→ **TO DO**:
The full listing is to be returned exactly as given, but without pictures.

== MATERIAL SHOWN

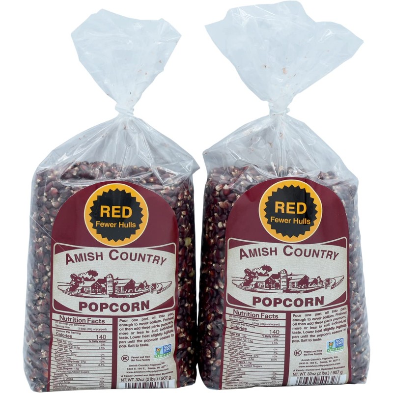 Amish Country Popcorn | 2-2 lbs Bags | Red Popcorn Kernels | Old Fashioned, Non-GMO and Gluten Free
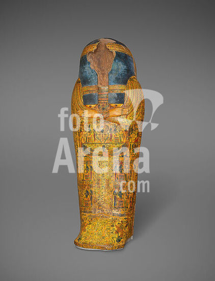 alb3630487 Outer Coffin of the Singer of Amun Nany. Dimensions: l. 228 cm (89 3/4 in); w. 83 cm (32 11/16 in). Dynasty: Dynasty 21. Reign: reign of Psusennes I. Date: ca. 1050.Nany was buried in a set of nesting coffins which included an outer coffin (30.3.23a, b), an inner coffin (30.3.24a, b), and the mummy cover (30.3.25). The faces may originally have been gilded, which would explain why each was removed in ancient times. Museum: Metropolitan Museum of Art, New York, USA.
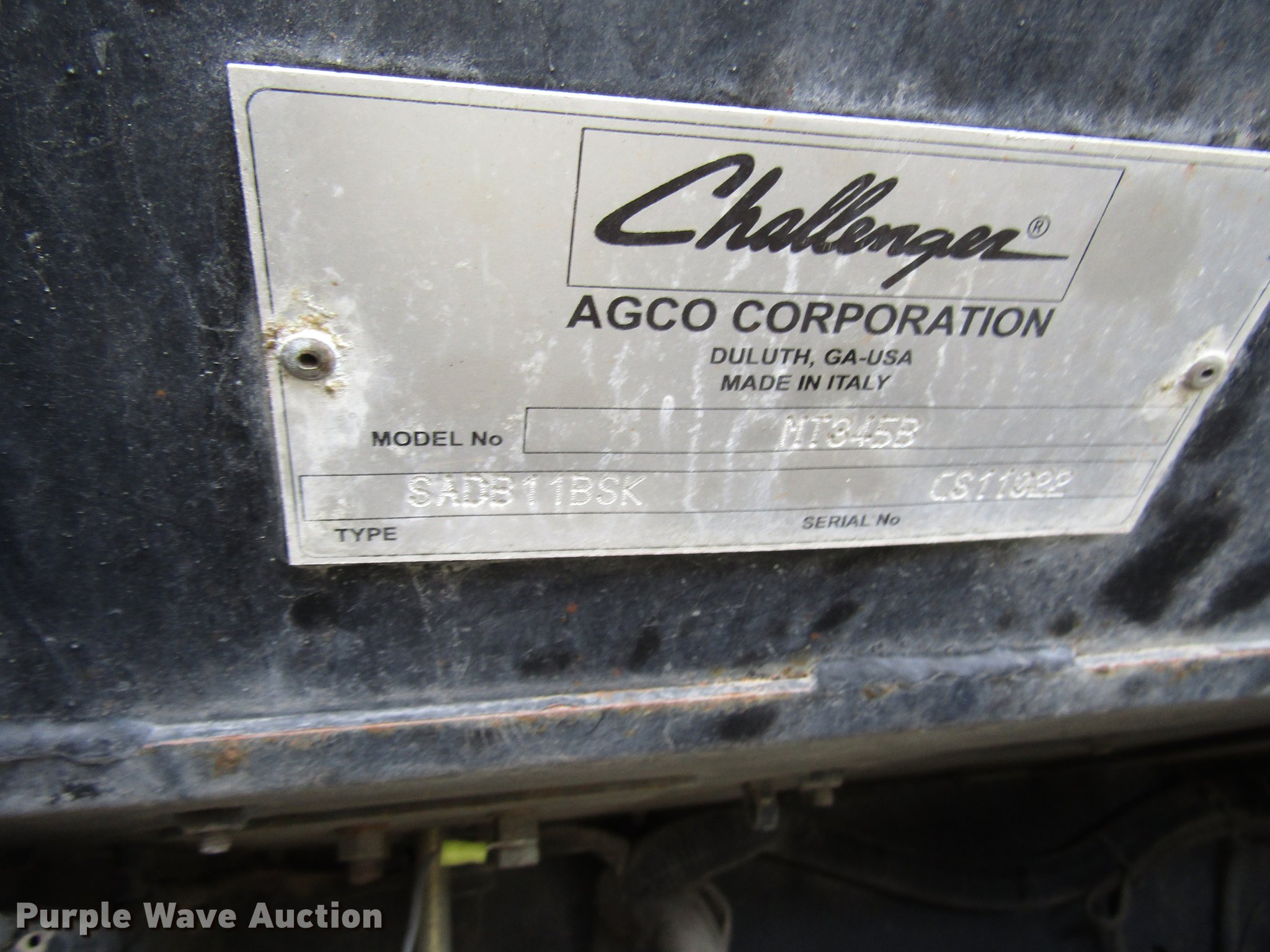 Purple Wave is selling a used Tractor in West Virginia. This item is a 2007 Challenger MT345B tractor with the following: 289 hours on meter, Sisu three cylinder diesel engine, Synchro transmission, 12F-12R gears, Left-hand reverser, Differential lock, AC and heat, AM/FM, Three point, 540 PTO, (3) rear hydraulic remote sets, 84" wheelbase, 7.50-16 front tires, 14.9-28 rear tires, Serial CS11022
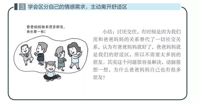 然后从心理学层面分步骤教会孩子如何解决不愿与人相处的问题:
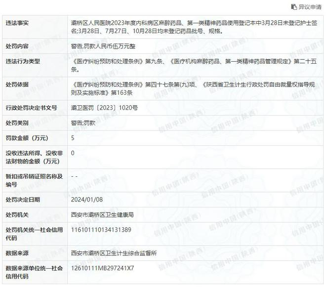 灞卫医罚〔2023〕1020号处罚文书显示,西安市灞桥区人民医院2023年度内科病区麻醉药品、第一类精神药品使用登记本中3月28日未登记护士签名;3月28日、7月27日、10月28日均未登记药品批号、规格,违反《医疗机构麻醉药品、第一类精神药品管理规定》等规定,西安市灞桥区卫生健康局依据《医疗纠纷预防和处理条例》、《陕西省卫生计生行政处罚自由裁量权指导规则及实施标准》对其罚款5万元。
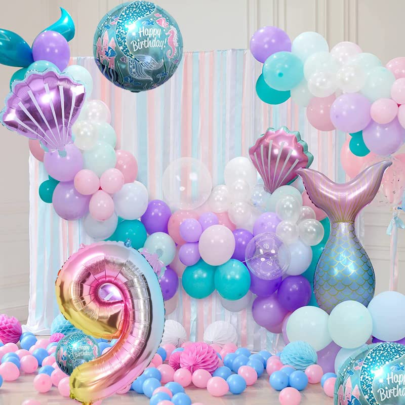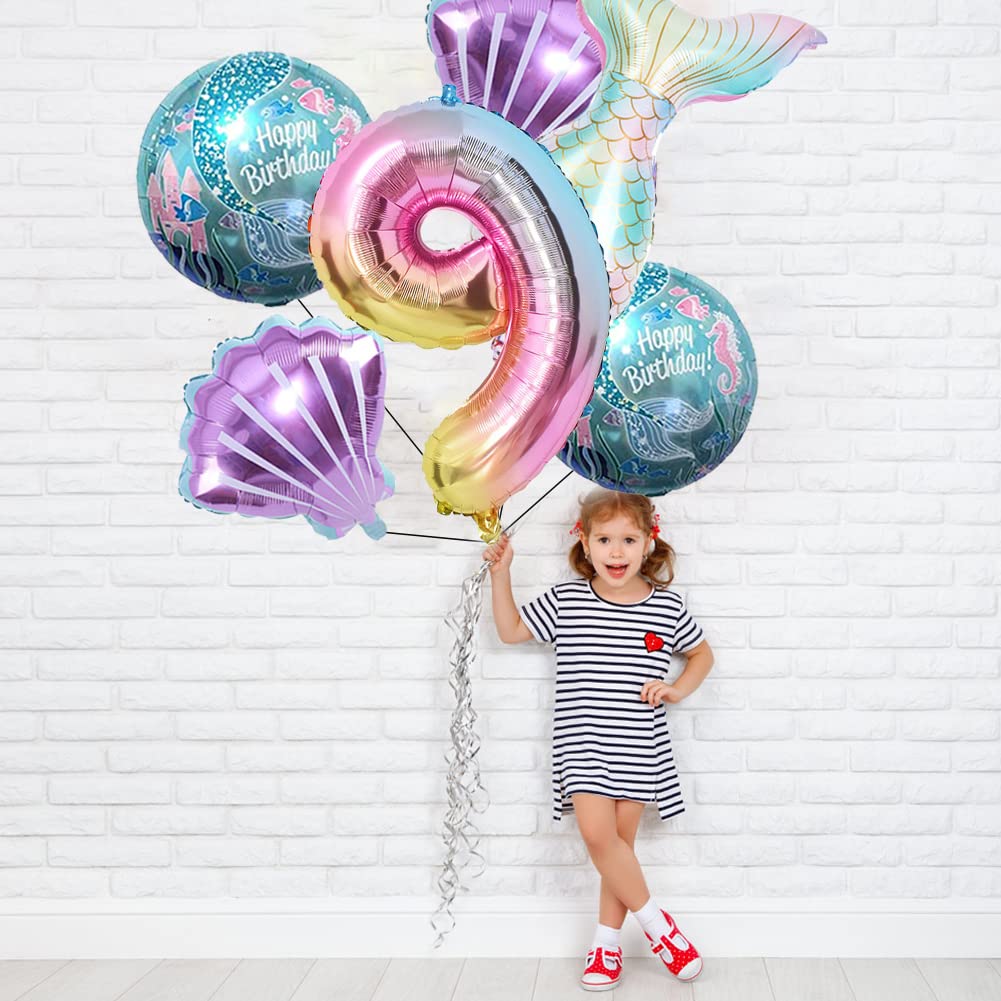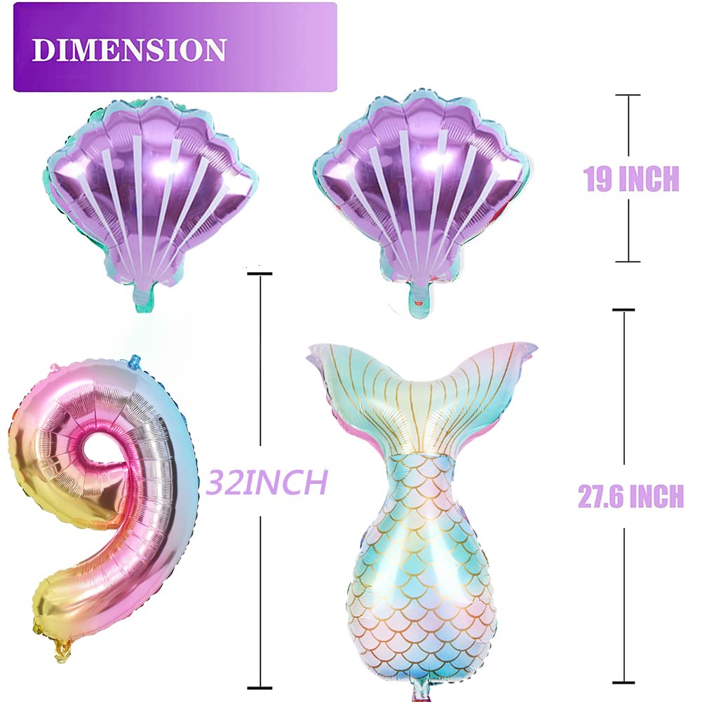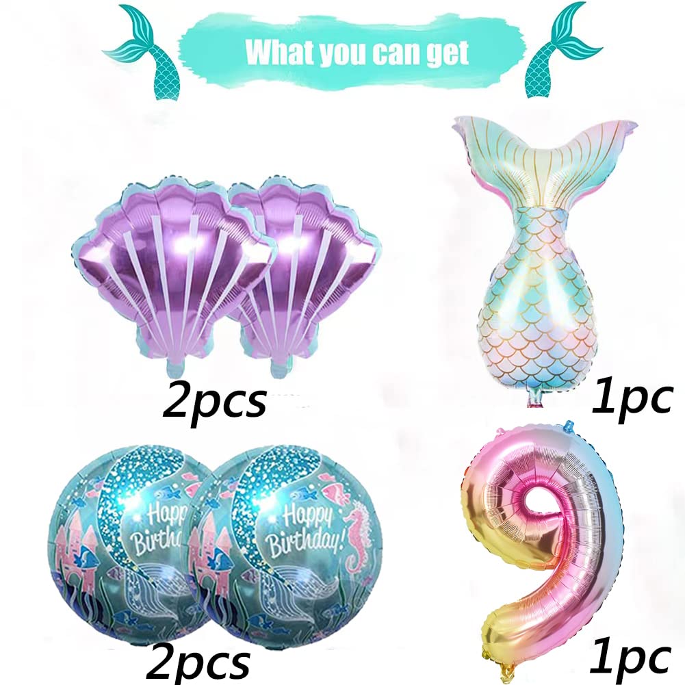 【Mermaid Party Decoration】Including:1 pcs 32inch large number foil balloon, 1pc mermaid tail balloons, 2pcs 18inch round mermaid balloons, 2PCS 21inch shell Balloons

====

→ **SOLUTION FOR THIS EXERCISE**:
 Amish Country Popcorn | 2-2 lbs Bags | Red Popcorn Kernels | Old Fashioned, Non-GMO and Gluten Free
 alb3630487 Outer Coffin of the Singer of Amun Nany. Dimensions: l. 228 cm (89 3/4 in); w. 83 cm (32 11/16 in). Dynasty: Dynasty 21. Reign: reign of Psusennes I. Date: ca. 1050.Nany was buried in a set of nesting coffins which included an outer coffin (30.3.23a, b), an inner coffin (30.3.24a, b), and the mummy cover (30.3.25). The faces may originally have been gilded, which would explain why each was removed in ancient times. Museum: Metropolitan Museum of Art, New York, USA.
 Purple Wave is selling a used Tractor in West Virginia. This item is a 2007 Challenger MT345B tractor with the following: 289 hours on meter, Sisu three cylinder diesel engine, Synchro transmission, 12F-12R gears, Left-hand reverser, Differential lock, AC and heat, AM/FM, Three point, 540 PTO, (3) rear hydraulic remote sets, 84" wheelbase, 7.50-16 front tires, 14.9-28 rear tires, Serial CS11022
 然后从心理学层面分步骤教会孩子如何解决不愿与人相处的问题:
 灞卫医罚〔2023〕1020号处罚文书显示,西安市灞桥区人民医院2023年度内科病区麻醉药品、第一类精神药品使用登记本中3月28日未登记护士签名;3月28日、7月27日、10月28日均未登记药品批号、规格,违反《医疗机构麻醉药品、第一类精神药品管理规定》等规定,西安市灞桥区卫生健康局依据《医疗纠纷预防和处理条例》、《陕西省卫生计生行政处罚自由裁量权指导规则及实施标准》对其罚款5万元。
 【Mermaid Party Decoration】Including:1 pcs 32inch large number foil balloon, 1pc mermaid tail balloons, 2pcs 18inch round mermaid balloons, 2PCS 21inch shell Balloons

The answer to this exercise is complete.